At 58.8 degrees C and at a total pressure of 1.00 atm the mole percent of acetone in the vapor state above a solution of acetone and water containing 70. mol % acetone is 87.5%. Assuming the solution to obey Raoult's Law, determine the vapor pressure of pure water at this temperature. Comparing your results to the actual value of 141 mmHg, what does this suggest about the acetone-water solution?

Question

At 58.8 degrees C and at a total pressure of 1.00 atm the mole percent of acetone in the vapor state above a solution of acetone and water containing 70. mol % acetone is 87.5%. Assuming the solution to obey Raoult's Law, determine the vapor pressure of pure water at this temperature. Comparing your results to the actual value of 141 mmHg, what does this suggest about the acetone-water solution?

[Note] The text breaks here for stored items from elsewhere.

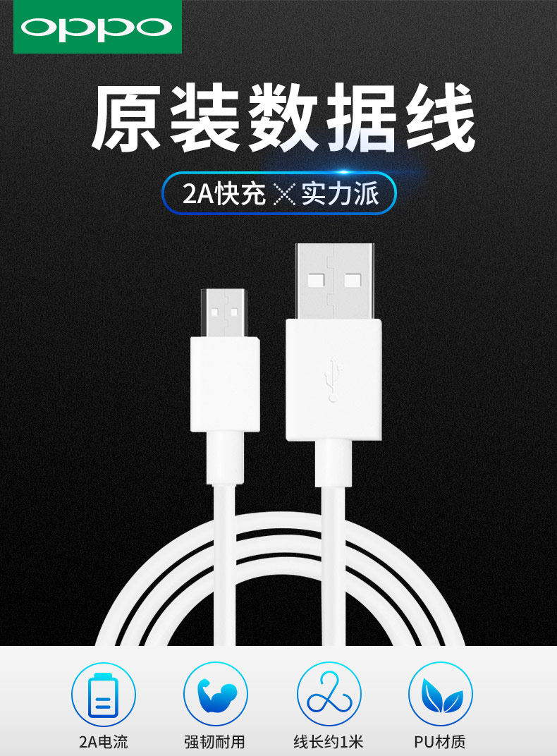 Oppo Original Data Cable Oppoa7X A57 A1 A3 A73 A5 A59 A9 R15X Charging Cable Mobile Phone Original Fast Charging K1 A77 A37 A7 Android Universal USB Charger Cable
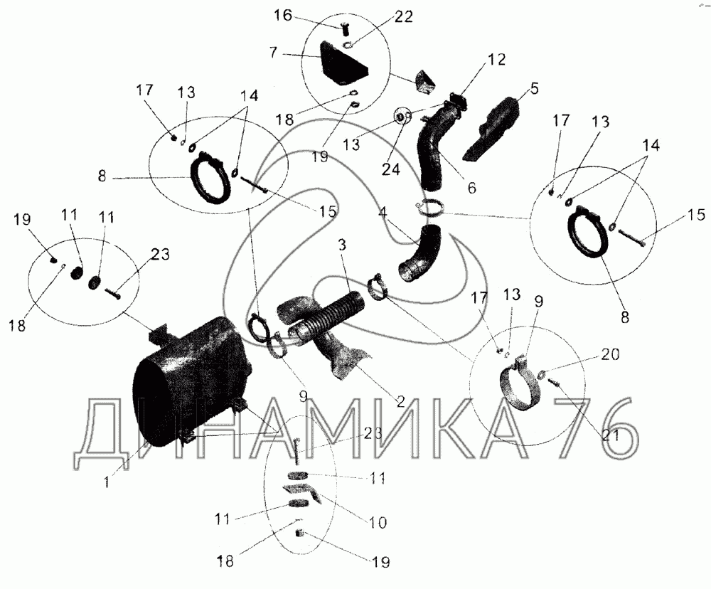 Перечень комплектующих от Установка системы выпуска отработавших газов на МАЗ-105
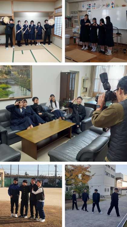 撮影場所は、グループで話し合って決めました。基本的に、屋上などの危険か場所は除いて、校内で自由としました。
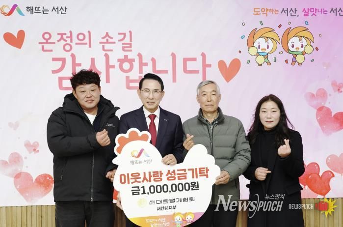 뉴스펀치 이현승 기자 | 충남 서산시는 지난 8일 대한양계협회 서산시지부가 관내 어려운 이웃을 돕기 위해 100만 원을 기탁했다고 밝혔다.
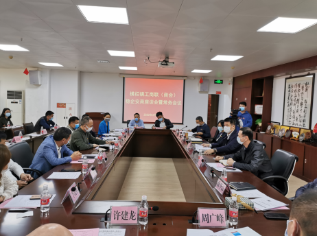 3月12日下午,横栏镇工商联(商会)稳企安商座谈会暨常务会议在镇商会会议室召开。镇党委书记劳国南,镇党委副书记、镇长候选人巫广庭,镇人大主席候选人冯结红,镇党委委员、副镇长陈华添,镇党委委员赵国明等镇领导,镇工商联(商会)主席何云峰,常务副主席冯俊、黄学颖、陈爱华、吴耀棠,常务副会长曾顺庆、许建龙、李凌燕、周广峰、马文波、梁申华,以及镇组织人事办、人社分局、经信局、社会事务局、税务分局等部门负责人出席了会议。会议由赵国明委员主持。
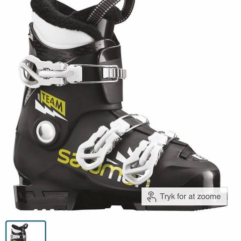 Salomon Børne skistøvler i sort med to justerbare spænder over vrist og skaft. Indersiden har blødt foer for øget komfort og varme. Sålens længde er angivet til 240 mm. Støvlerne er velegnede til alpint skiløb og passer til standard alpine skibindinger.
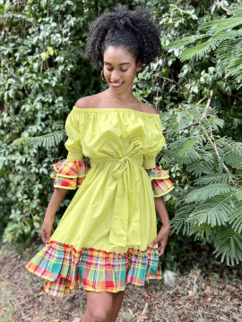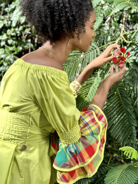 Le style traditionnel antillais est bien remarquable dans la robe Jeunesse II destinée à vêtir la jeune fille des îles, toujours de l'agréable collection de Dody. Très élégant ce beau modèle créole est réalisé en coton avec un légère pointe de madras. Son col en bateau est agrémenté en deux volants en fronces et de différents coloris, laissant paraître la grâce des épaules.
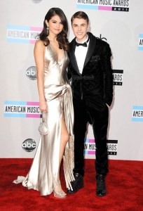 The animal print still holds on for another season with Mary J. Blige wearing a one-sleeved floor length leopard print wrap dress with dangling silver earrings to match. As paternity rumors fly, Selena Gomez and Justin Bieber were modern day Bogey and Bacall, he in a velvet smoking jacket and shiny black high-top sneakers and she in a most elegant ivory satin gown revealing a low neckline with a seductive slit up the leg and carrying a tiny purse to match the dress.
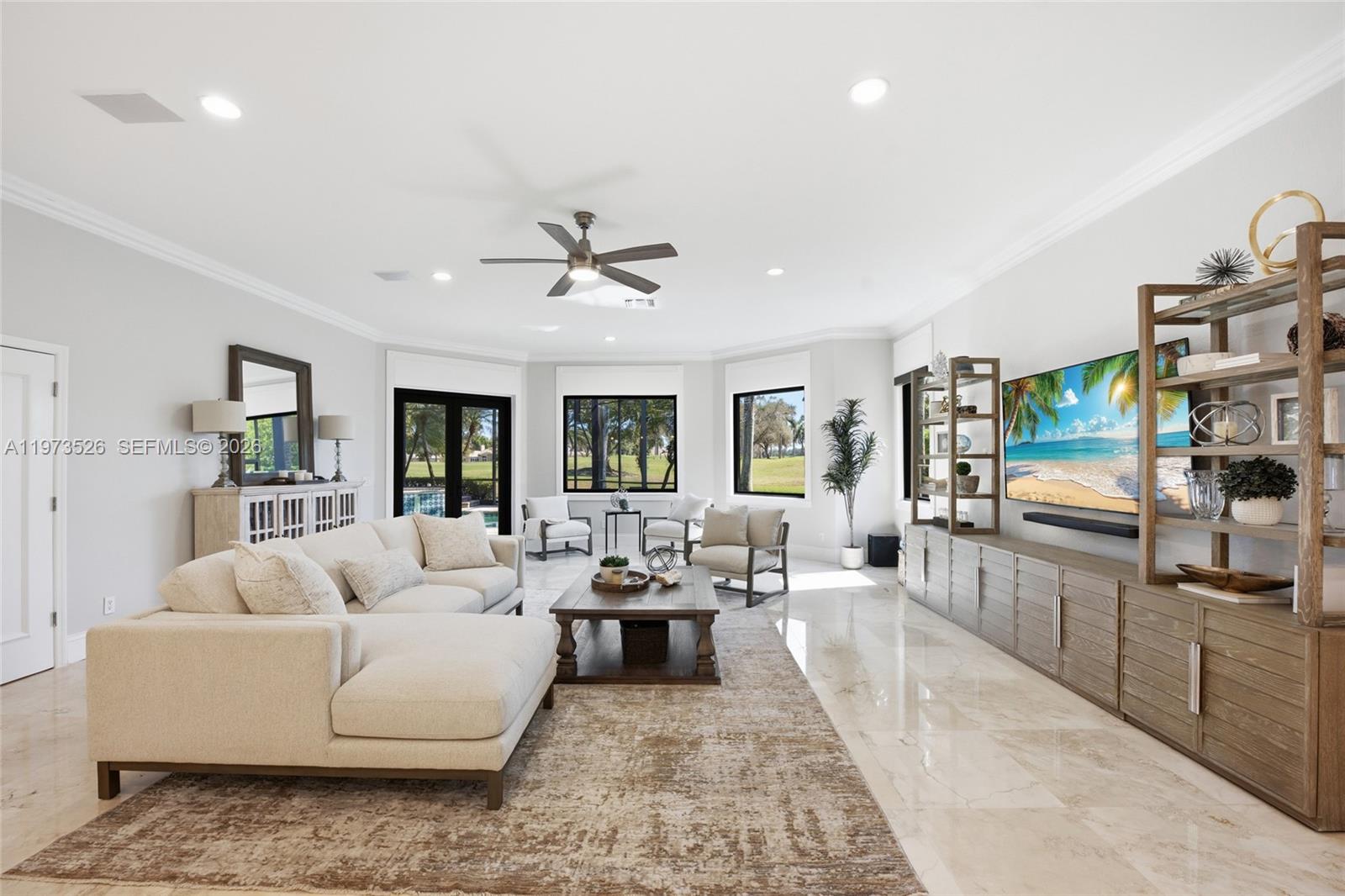 Extensively renovated with no detail overlooked, this move-in ready home blends modern luxury with everyday comfort. Located in the gated Weston Hills Country Club on the 5th hole of The Players Course, it offers sweeping golf views & a tranquil setting. A screened pool & spa patio create a private outdoor retreat ideal for relaxing or entertaining. Major upgrades include a new roof, full impact windows, doors, & garage doors, 3 new AC units w/ new air handlers, new pool pump, new pool & spa heater, & full pool automation. The home has been freshly painted inside & out w/ new flooring & baseboards throughout. The redesigned gourmet kitchen features over $50k in premium Sub-Zero, Wolf & Cove appliances, a Sharp microwave drawer, quartzite counters & backsplash, a 123” x 59” island, ceiling-height cabinetry, Kessebohmer pantry pullouts & a 60” Rachiele workstation sink w/ dual Waterstone faucets. Interior enhancements include glass stair railing, new half bath, frameless shower doors, chrome hardware, new lighting, switches, outlets, smoke detectors & 9 ceiling fans. Smart motorized blinds & quiet garage door motors add convenience. New laundry room offers dual washers & dryers, custom cabinetry & a water bottle filling station. The primary suite includes renovated his-and-her closets w/ extra storage under the stairs. Outdoor updates include a fully rescreened enclosure, new screen doors & 2 outdoor fans. A rare opportunity where every major improvement is already complete.
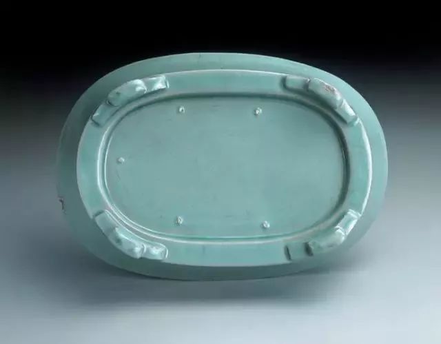 品名:北宋汝窑青瓷水仙盆尺寸:高6.1cm 深3.8cm 口纵15.8cm 口横23.1cm 底纵13cm 底横19.5cm典藏号:故瓷017699原收藏地:养心殿底部支钉:5枚传记:椭圆形盆、侈口、深壁、平底、底足间突出一圈窄边稜、四足、足呈云头形。1936年曾参加伦敦中国艺术国际展览会,编号Porcelain No.26。全器满釉不露胎,仅在器底留下五个支钉痕。目前传世汝窑水仙盆共有五件,一件藏于日本大阪市立东洋陶瓷馆,其他四件都在台北故宫博物院。五件水仙盆中,只有这一件以五支钉,其他四件都是六个支钉烧成。台北故宫馆藏21件汝窑完整介绍之二十汝窑青瓷盘▼
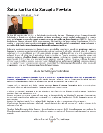 Żółta kartka dla Zarządu Powiatu Napisano dnia: 2015-10-30 11:54:40 W dniu 15 października 2015 r., w Bolesławieckim Ośrodku Kultury – Międzynarodowe Centrum Ceramiki Bolesławiec w Bolesławcu, odbyło się ostatnie spotkanie konsultacyjne z cyklu spotkań zaplanowanych w ramach prac nad planem zagospodarowania przestrzennego województwa dolnośląskiego (PZPWD). Dotyczyło Zachodniego Obszaru Integracji (ZOI), wyznaczonego w Strategii Rozwoju Województwa Dolnośląskiego 2020. Do udziału w warsztatach zaproszeni zostali samorządowcy i przedstawiciele organizacji pozarządowych z powiatów: bolesławieckiego, lubańskiego, lwóweckiego i zgorzeleckiego. Jednymi z ważniejszych problemów wskazanych przez uczestników warsztatów, okazały się problemy z zakresu transportu związane między innymi z brakiem obwodnic najważniejszych ośrodków miejskich leżących w ciągach dróg krajowych i wojewódzkich, niewystraszającej ilości przepraw na Bobrze i Kwisie oraz brak wysokiej jakości połączeń drogowych integrujących południowy obszar województwa. Ponadto uczestnicy warsztatów wskazywali problemy związane z brakiem bezpieczeństwa energetycznego wynikającym z niezadowalającego stanu sieci przesyłowej i dystrybucyjnej oraz nieplanowanych przesyłów energii od strony Niemiec, problemy dotyczące utrzymywania się niskiego poziomu zainwestowania w infrastrukturę na terenach wiejskich oraz rosnącej presji na zagospodarowanie i wykorzystywanie obszarów o najwyższych walorach przyrodniczych, a także stagnacji gospodarczej oraz niewykorzystanym potencjale turystycznym. zdjęcia: Instytut Rozwoju Terytorialnego Niestety, mimo zaproszenia i potwierdzenia uczestnictwa, w spotkaniu udziału nie wzięli przedstawiciele Powiatu Lwóweckiego! Na liście obecności widniał Starosta Lwówecki - Marcin Fluder oraz Naczelnik Wydziału Ochrony Środowiska i Gospodarki Nieruchomościami, jednak w warsztatach nie uczestniczyli. Sprawę podczas ostatniej sesji Rady Powiatu poruszyła Radna Krystyna Piotrowicz, która uczestniczyła w spotkaniu, jednak nie jako przedstawiciel Powiatu a jako Prezes Stowarzyszenia. - Miałam przyjemność pracować w grupie zajmującej się infrastrukturą, dlatego zwróciłam uwagę i zgłosiłam problemy dotyczące tej dziedziny, m.in.: Remont istniejących przepraw mostowych (dwa mosty w Brunowie i jeden we Włodzicach), poprawę ich parametrów technicznych, umożliwiającą większą przepustowość oraz przebudowę drogi Lwówek Śląski- Bolesławiec wraz z jej poszerzeniem. Remont linii kolejowej Jelenia Góra- Lwówek Śląski- Węgliniec, w celach transportowych i turystycznych. Uruchomienie finansowania budowy lokalnych i ponadlokalnych sieci ścieżek rowerowych z wykorzystaniem dróg dojazdowych do pól. Wyjaśnia Radna Piotrowicz, która tłumaczy, iż przedstawione propozycje do 30 listopada zostaną wprowadzone do Planu Zagospodarowania Przestrzennego, będącego jednym z ważniejszych dokumentów planistycznych w naszym regionie. zdjęcia: Instytut Rozwoju Terytorialnego - Niestety diagnoza przeprowadzonej przez Instytut Rozwoju Terytorialnego, który jest autorem strategii, ocenia dostępność infrastruktury drogowej i kolejowej, jako zły, tylko w powiecie lwóweckim. – podkreśla radna Piotrowicz. Podczas ostatniej sesji Rady Powiatu radna mówiła, o tym jak bardzo władze Bolesławca walczyły o wpisanie do planu jednego z ich mostów oraz jak Wójt Warty Bolesławieckiej, przyjechał na spotkanie, tylko po to, żeby czuwać na tym „żeby mu niczego w planie nie zepsuto”, bo z inwestycjami to on sobie sam radzi, teraz stać go nawet na poszerzanie dróg. Naszego powiatu nie stać na takie luksusy, jak wyglądają drogi i mosty wiedzą dobrze wszyscy kierowcy, jak wygląda infrastruktura turystyczna chyba nikomu nie trzeba tłumaczyć. Niestety władze naszego powiatu nie znalazły czasu na udział w tych warsztatach. - Biorąc pod uwagę brak zainteresowania zarządu tak ważną sprawą, wręczam Zarządowi żółtą kartkę. – mówiła podczas sesji poirytowana radna Piotrowicz, po czym otrzymała od kolegów radnych gromkie brawa. Czy Zarząd Powiatu wniesie propozycje do Planu, czy będzie zabiegał o interesy mieszkańców powiatu lwóweckiego, czy żółta kartka zostanie potraktowana poważnie, czy też zostanie zbagatelizowana? O tym przekonamy się po opublikowaniu całego Planu.
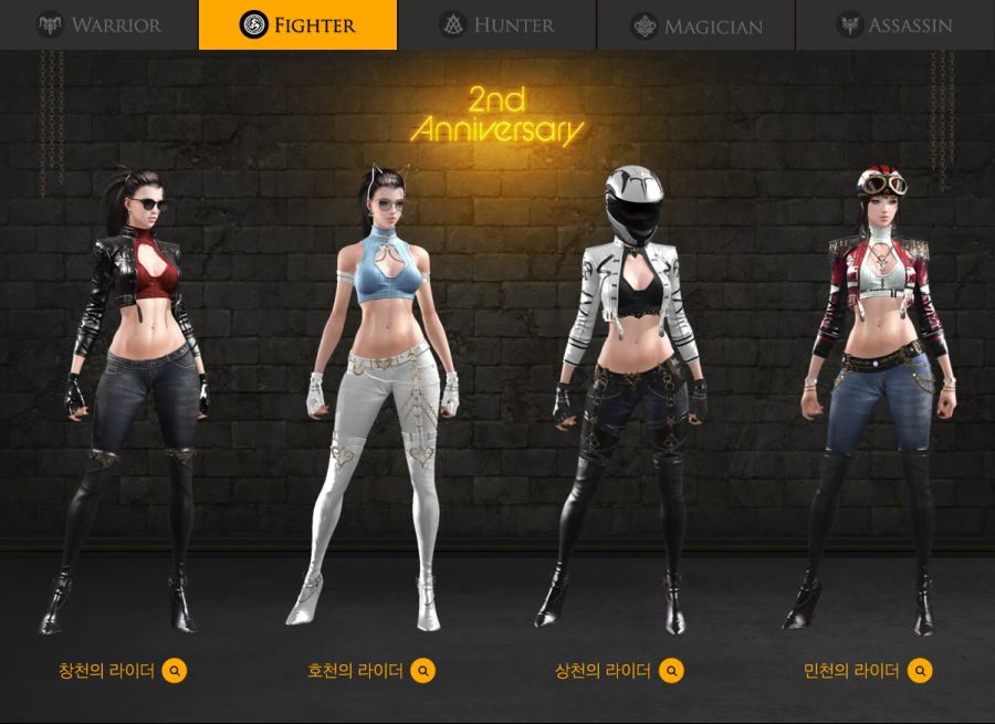 무도가 배틀마스터 / 인파이터 / 창술사 / 기공사의 2주년 아바타는 의상이 라이더 컨셉을 가지고 있습니다. 각각 개성이 뚜렷한데. 쎈 언니 느낌의 창천의 라이더 / 바지가 하얀색이라 청바지 느낌보다 살짝 레깅스 느낌이 나서 운동복 입고 조깅하는 호천의 라이더 / 누가봐도 당장 바이크 타고 날아갈거 같은 상천의 라이더 / 그리고 청바지 느낌을 가장 잘 살려서 유쾌하고 활발한 느낌을 주는 민천의 라이더 아바타가 있습니다.

I calculated the first part like so:
1.00 atm= .875 * x
1.14 atm= x

I converted 141 mmHg to atm, which turned out to be .186- obviously quite a bit lower than the answer found above. I'm not sure what this says about the mixture, however.

I get a smaller number than 1.14.
Isn't
P_(water)/P_(total) = X_(water) = 0.875.

Then P_(total)*X_(water) = P_(water) = 1*0.875 = 0.875 atm. That's still very much higher than 0.186 atm. Would you think it says the acetone/water mixture is not an ideal solution?
Check my thinking. Check my work.

Answer 1

To solve this problem, we first need to understand Raoult's Law. According to Raoult's Law, the partial pressure of a component in the vapor phase above a solution is directly proportional to its mole fraction in the liquid phase. In this case, we are considering a solution of acetone and water.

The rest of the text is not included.